__WHAT TO WORK ON__. After locating the line that holds "De son côté, la", copy that line and all that follow it word for word through the end of the data, with no pictures.

__DATASET SECTION__.
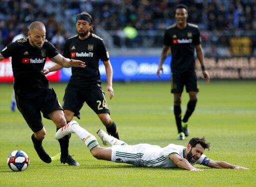 Portland Timbers midfielder Diego Valeri, front right, of Argentina, falls after being tackled by Los Angeles FC defender Jordan Harvey, left, in the first half of an MLS soccer match in Los Angeles, Sunday, March 10, 2019. (AP Photo/Ringo H.W. Chiu)
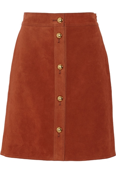De son côté, la jupe fauve - voir ici et là - pourra s'associer aux ensembles carbone sous-pull/ankle boots, converses montantes/tee-shirt loose col V/collier doré, mais aussi sandales à talons ronds/caraco. On pensera également à la conjuguer en mode sportswear à coup de sweat bleu marine et de New Balance de la même teinte, ou de chemise blanche et de paire de baskets immaculées.
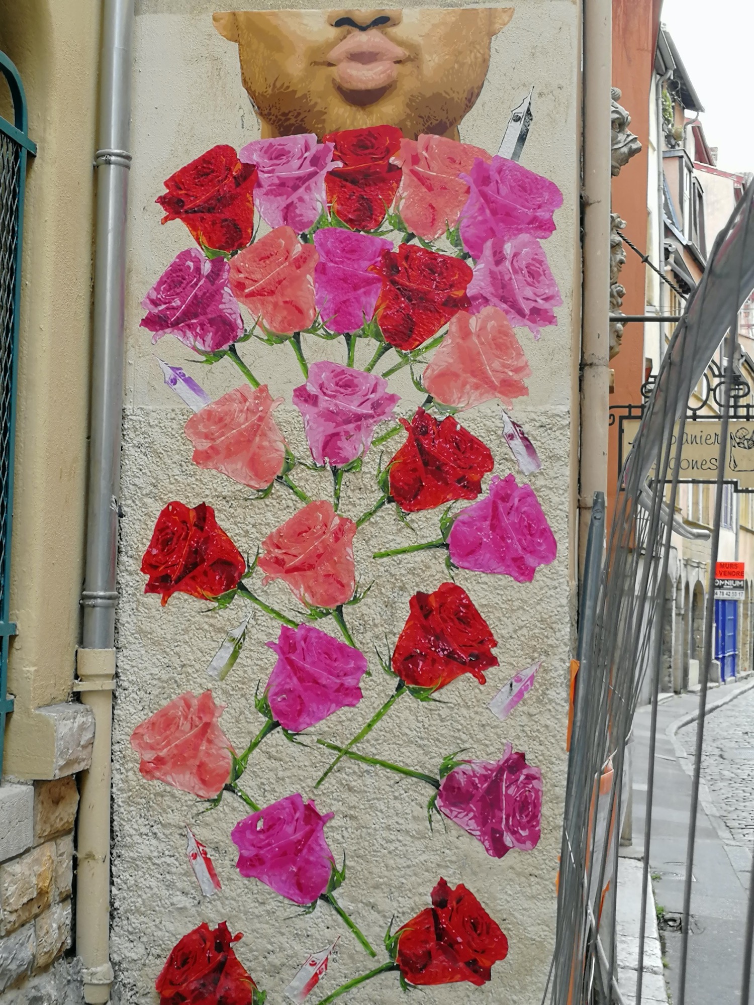 The artwork is of graffiti type. You can admire it in the city of Lyon in France and more precisely here : 12 Rue Saint-Georges, 69005 Lyon, France.
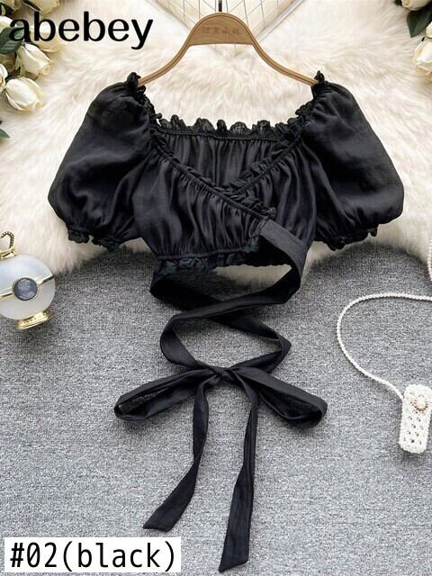 レディースオフショルダートップ半袖フリルヴィンテージブラウスパフスリーブレースアップトップスバンデージクロップトップスブラックホワイト ショート ハーフスリーブ ビンテージ Abe2165270639

__WRITTEN RESPONSE__.
De son côté, la jupe fauve - voir ici et là - pourra s'associer aux ensembles carbone sous-pull/ankle boots, converses montantes/tee-shirt loose col V/collier doré, mais aussi sandales à talons ronds/caraco. On pensera également à la conjuguer en mode sportswear à coup de sweat bleu marine et de New Balance de la même teinte, ou de chemise blanche et de paire de baskets immaculées.
 The artwork is of graffiti type. You can admire it in the city of Lyon in France and more precisely here : 12 Rue Saint-Georges, 69005 Lyon, France.
 レディースオフショルダートップ半袖フリルヴィンテージブラウスパフスリーブレースアップトップスバンデージクロップトップスブラックホワイト ショート ハーフスリーブ ビンテージ Abe2165270639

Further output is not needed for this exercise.